Ruined church to be preserved - masons work to rescue ancient Enagh Church
It may look like a bit of a lost cause at first glance, but stonemasons have stepped in to preserve the ruins of Enagh Church in the Foyle Valley.
It's hoped that the work to restore the once overgrown ruin will add to local knowledge of the past and attract tourists exploring the north west.
The church, which sits in an ancient graveyard near the shore of Enagh Lough, once looked across the waters to an O'Cahan tower house built on a crannog, or artificial island. While the tower house is long gone, the gable walls of the church remain intact.
One of the gravestones dates back as far as 1638 but the exact date the church was built is unknown. However, it is thought to have been built on the site of a much older ecclesiastical centre, which may have been founded by Saint Canice, Bishop of Aghaboe and patron saint of Kiannachta, who died in the sixth century.
Other sources suggest Colum Crag or Columba may have founded the Enagh church, but there is little firm evidence.
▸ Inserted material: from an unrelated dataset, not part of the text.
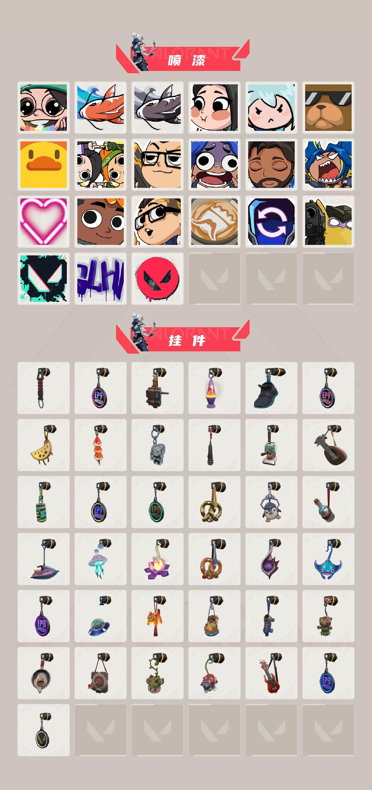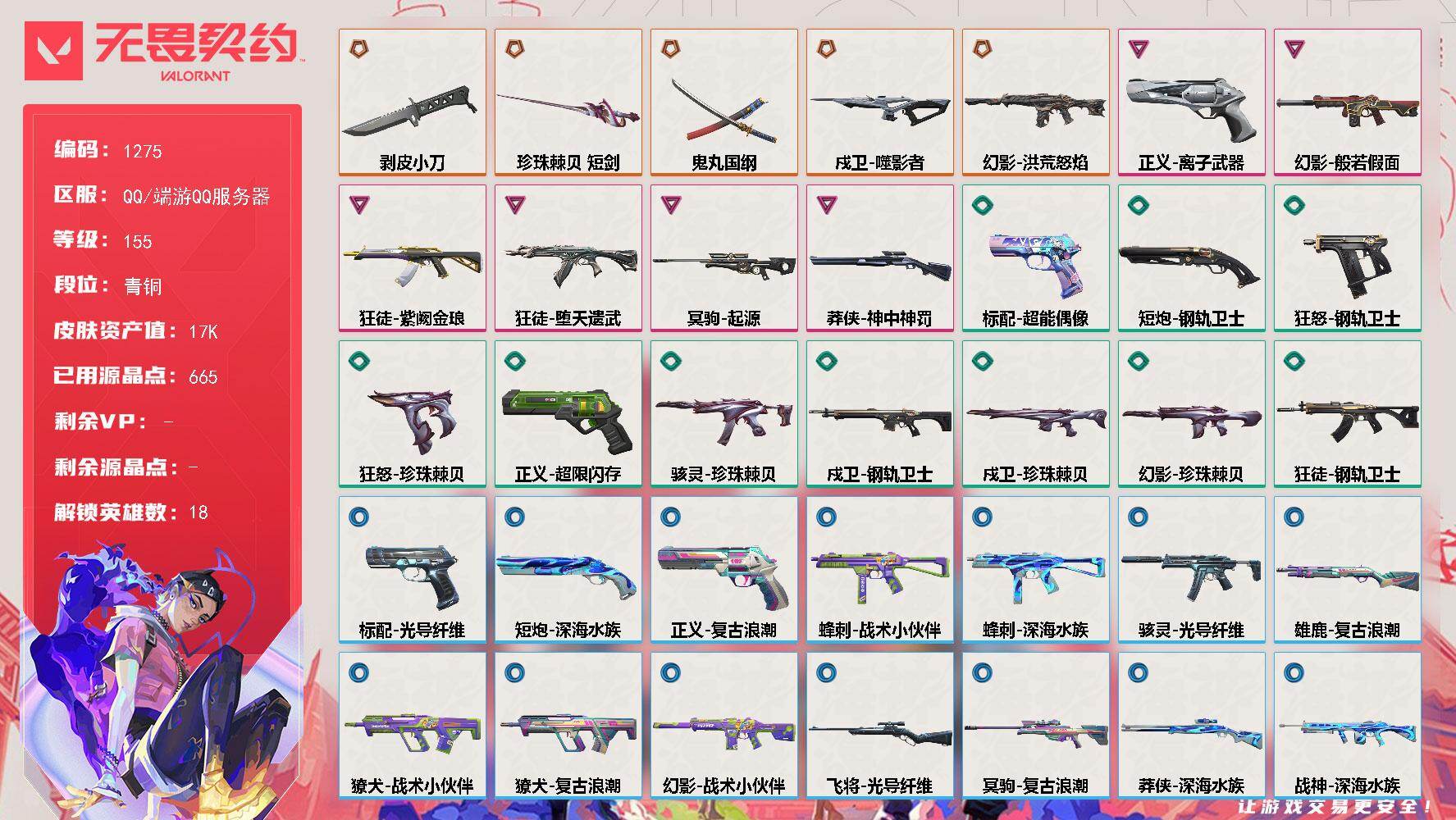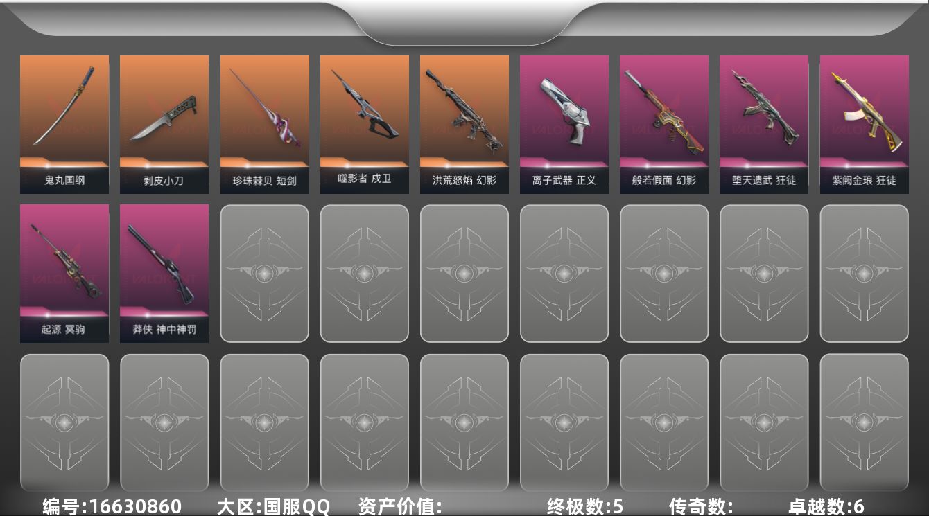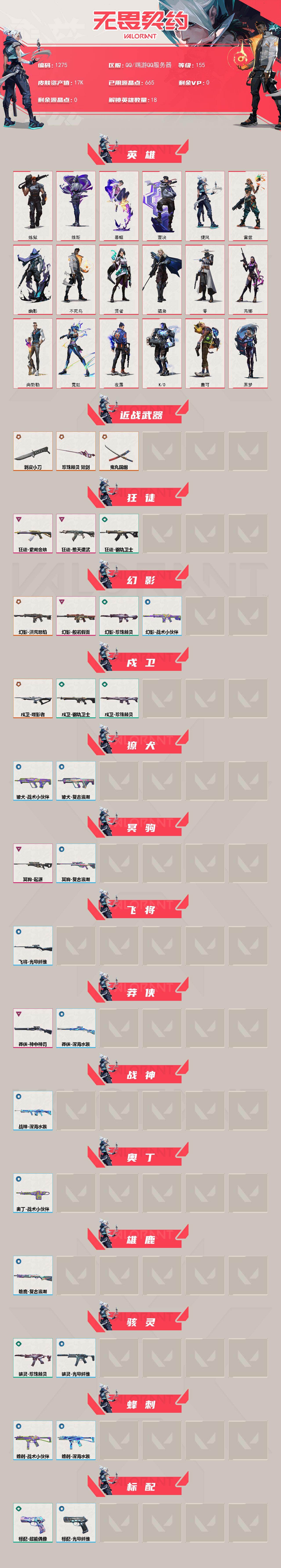 [16630860]【英雄】:炼狱,维斯,暮蝶,壹决,捷风,雷兹,幽影,不死鸟,贤者,猎枭,零,芮娜,尚勃勒,霓虹,夜露,K/O,盖可,黑梦 【近战武器】:近战武器-剥皮小刀,近战武器-鬼丸国纲,近战武器-珍珠棘贝 短剑 【狂徒】:狂徒-堕天遗武,狂徒-紫阙金琅,狂徒-钢轨卫士 【幻影】:幻影-洪荒怒焰,幻影-般若假面,幻影-珍珠棘贝,幻影-战术小伙伴 【戍卫】:戍卫-噬影者,戍卫-钢轨卫士,戍卫-珍珠棘贝 【獠犬】:獠犬-复古浪潮,獠犬-战术小伙伴 【冥驹】:冥驹-起源,冥驹-复古浪潮 【飞将】:飞将-光导纤维 【莽侠】:莽侠-神中神罚,莽侠-深海水族 【战神】:战神-深海水族 【奥丁】:奥丁-战术小伙伴 【雄鹿】:雄鹿-复古浪潮 【骇灵】:骇灵-珍珠棘贝,骇灵-光导纤维 【蜂刺】:蜂刺-深海水族,蜂刺-战术小伙伴 【标配】:标配-超能偶像,标配-光导纤维 【正义】:正义-离子武器,正义-超限闪存,正义-复古浪潮 【狂怒】:狂怒-钢轨卫士,狂怒-珍珠棘贝 【短炮】:短炮-钢轨卫士,短炮-深海水族 【卡面】:《双城之战》拥抱 卡面,精灵大战 卡面,欢迎来到底城 卡面,南瓜盛典 卡面,VCT CN首冠 卡面,修车达人 卡面,热舞环节 卡面,正义的化身 卡面,终章:生意人麦宝 卡面,铁之华 卡面,时间到 卡面,最高舞台 卡面,音熊登场 卡面,树懒大作战 卡面,声感陷阱设计图 卡面,Clutch 卡面,霓帧牛蛙 卡面,梦幻奶茶 卡面,零点嗅探设计图 卡面,终章:瓦娃脸雪糕 卡面,表象之下 卡面,虹吸式咖啡壶 卡面,源能者美容 卡面,脚踝终结者 卡面 ,夜班 卡面,瓦娃脸雪糕 卡面 ,沙雕爆能器 卡面,无畏契约GO!第一卷:芮娜 卡面,深海水族 卡面,珍珠棘贝 卡面,复古浪潮 卡面,盖可工牌 卡面,清除名单 卡面,无畏契约GO!第一卷:零 卡面,龍记 卡面,比比看谁快? 卡面,无垠星环 卡面,《双城之战》金克丝 卡面,蝰蛇vs幽影 卡面,势不可挡//盖可 卡面,逆向独行 卡面 ,同步耍酷 卡面,完美调谐 卡面 ,没有什么能逃过我的眼睛 卡面,光导纤维 卡面,战术小伙伴 卡面,钢轨卫士 卡面,暗枪 卡面,钢锁vs盖可 卡面,势不可挡//K/O 卡面,代号红色 卡面,新兵报到 卡面,V契约 卡面,无畏契约 卡面 【喷漆】:嘭! 喷漆,都算到了 喷漆,控场勿近 喷漆,小丑猫 喷漆,熊抱 喷漆,蛋糕

However, this earlier church is known to have been one of three that were plundered in 1197 by an Anglo-Norman raiding party.
It is thought to have been a monastic site, later converted into a parish church.
Northern Ireland Environment Agency senior archaeologist Liam McQuillan said the church has been in ruins for at least 100 years but appeared in the 1830 Ordnance Survey Memoirs.
The west gable is now only a couple of metres in height, but the remains of the east gable are still at full height and include the remains of a window, surrounded by dressed stone, some of which has been plundered over the years.
The stonemasons have discovered that after that stonework was stolen, leaving the wall in need of support, someone stepped in during the 19th century to carry out repairs of their own.
"The wall is badly destabilised at one end and the stone on one side of the window was badly robbed. The stone used to repair it was built out further than the stone work would have been so we have had to build round it," Mr McQuillan said.
Environment Minister Mark H Durkan said the work to conserve scheduled monuments in the Foyle Valley was vital.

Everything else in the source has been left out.